MATERIAL FOR THE TASK:

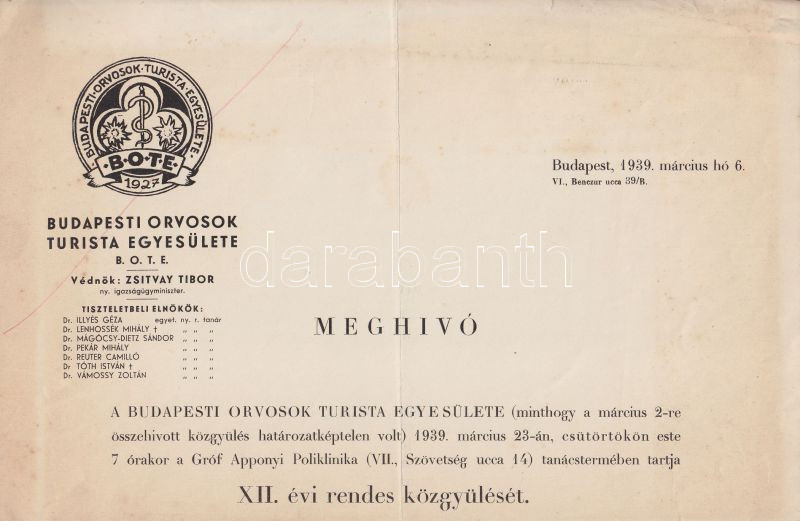1939 Meghívó A BOTE közgyűlésére https://www.darabanth.com/hu/137-Gyorsarveres/137.0/Festmeny-mutargy-papirregiseg-egyeb/Nyomtatvanyok~292/1939-Meghivo-A-BOTE-kozgyulesere~II398601
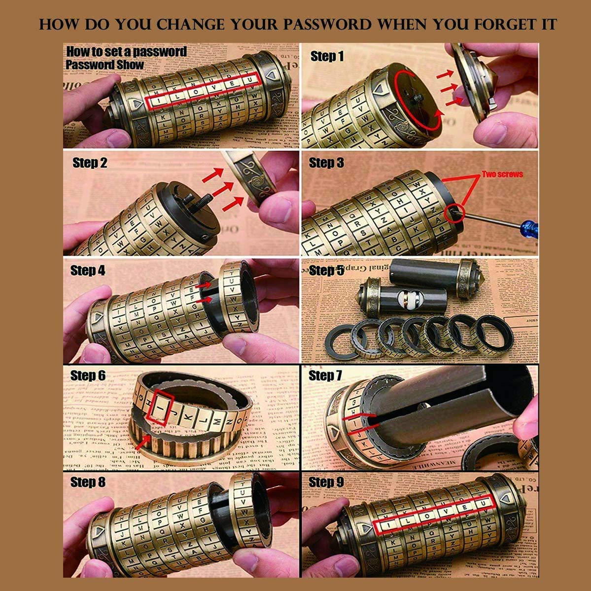 Cryptex Da Vinci Code Mini Lock Box – Puzzle with Hidden Compartment, Romantic Anniversary & Valentine’s Gift for Her, Him, or Girlfriend
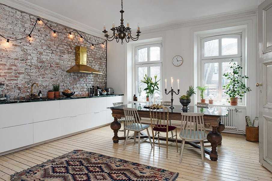 В отличие от лофта, здесь кирпич на кухне выглядит менее грубым, не таким промышленным. С одной стороны – натуральность, с другой – простота и аккуратность. Стена в скандинавском стиле не будет такой акцентирующей и активной.
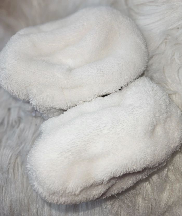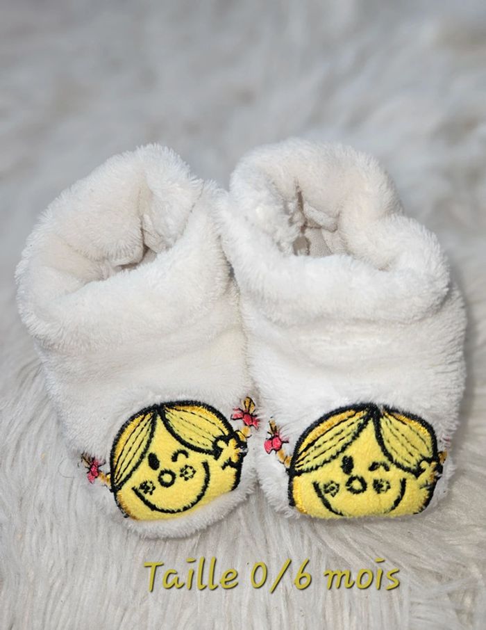 Chaussons blancs tout doux à l’effigie de Monsieur Madame. Très bon état, aucun défaut. Peu portés. Taille : 0 à 6 mois. Prix ferme : 2 €
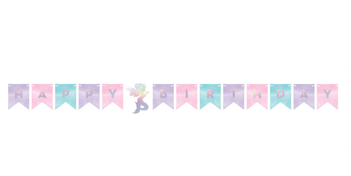 Para decoração da tua festa de aniversário não pode faltar esta bonita faixa de Happy Birthday da Sereia Iridescente com as medidas 163x152cm.
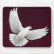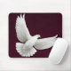 Original fine art painting of a flying white dove by artist Carolyn McFann of Two Purring Cats Studio printed on a quality and easily customizable mousepad.
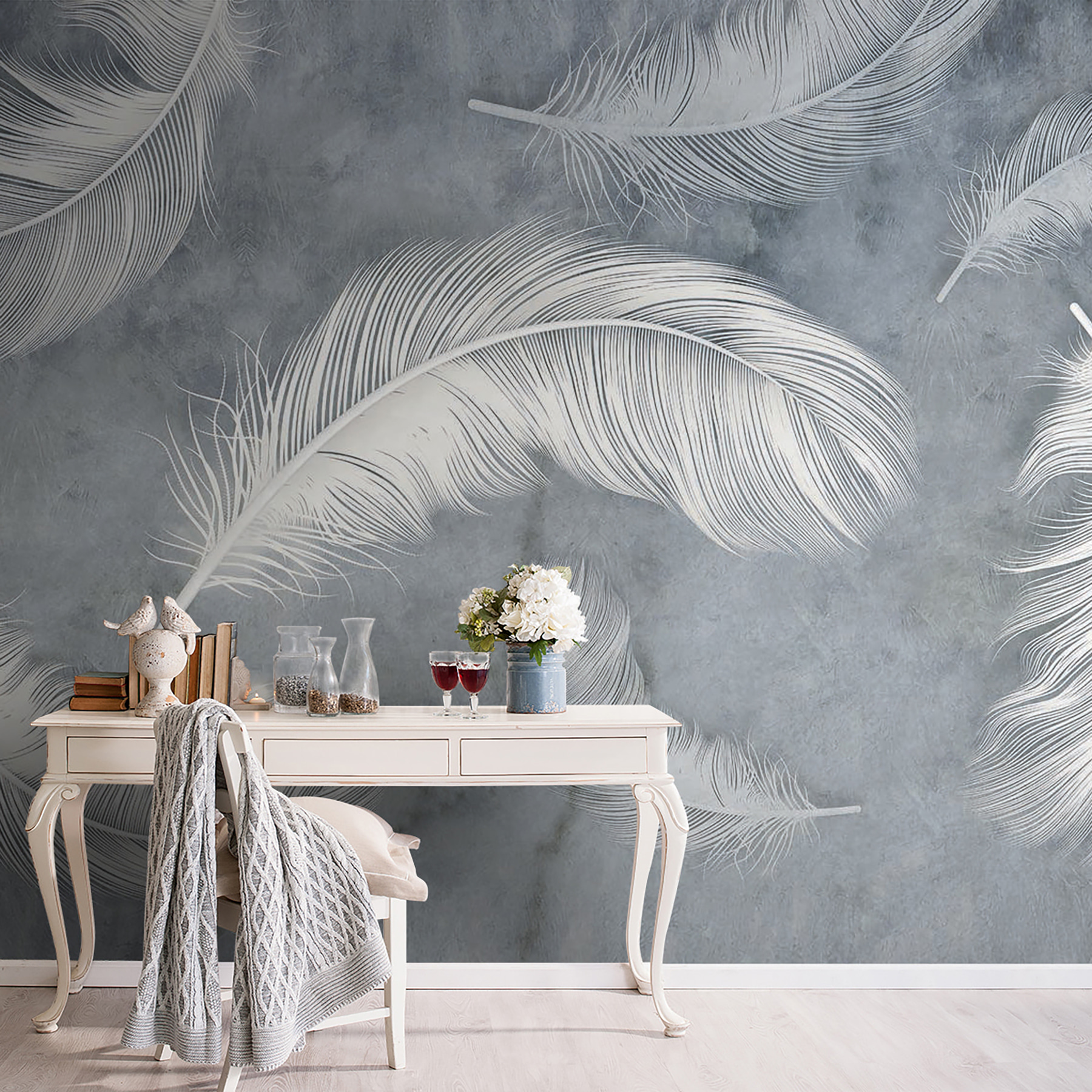 Imaginați-vă că pășiți într-o cameră și vă simțiți ca și cum tocmai ați intrat într-o oază senină, datorită penelor delicate care plutesc grațios pe un fundal moale. Această pictură murală aduce o șoaptă de natură în interior, perfectă pentru cei care iubesc o notă de fantezie în decorul lor. Imaginați-vă-o într-un colț de lectură confortabil sau într-un dormitor liniștit, unde imaginile blânde pot inspira vise cu ochii deschiși și momente de pace. Fiecare privire s-ar putea să vă amintească de o plimbare liniștită de după-amiază printr-un parc liniștit. Este o atingere subtilă care stârnește bucurie și creativitate fără a copleși simțurile. Perfect pentru cei care caută o modalitate unică de a-și exprima stilul, păstrând în același timp lucrurile ușoare și aerisite!

TO DO: Each line from the one holding "Para decoração da" down to the end of the records is to be reproduced unaltered, and the pictures are to be omitted.

RESULT OF THIS EXERCISE:
 Para decoração da tua festa de aniversário não pode faltar esta bonita faixa de Happy Birthday da Sereia Iridescente com as medidas 163x152cm.
 Original fine art painting of a flying white dove by artist Carolyn McFann of Two Purring Cats Studio printed on a quality and easily customizable mousepad.
 Imaginați-vă că pășiți într-o cameră și vă simțiți ca și cum tocmai ați intrat într-o oază senină, datorită penelor delicate care plutesc grațios pe un fundal moale. Această pictură murală aduce o șoaptă de natură în interior, perfectă pentru cei care iubesc o notă de fantezie în decorul lor. Imaginați-vă-o într-un colț de lectură confortabil sau într-un dormitor liniștit, unde imaginile blânde pot inspira vise cu ochii deschiși și momente de pace. Fiecare privire s-ar putea să vă amintească de o plimbare liniștită de după-amiază printr-un parc liniștit. Este o atingere subtilă care stârnește bucurie și creativitate fără a copleși simțurile. Perfect pentru cei care caută o modalitate unică de a-și exprima stilul, păstrând în același timp lucrurile ușoare și aerisite!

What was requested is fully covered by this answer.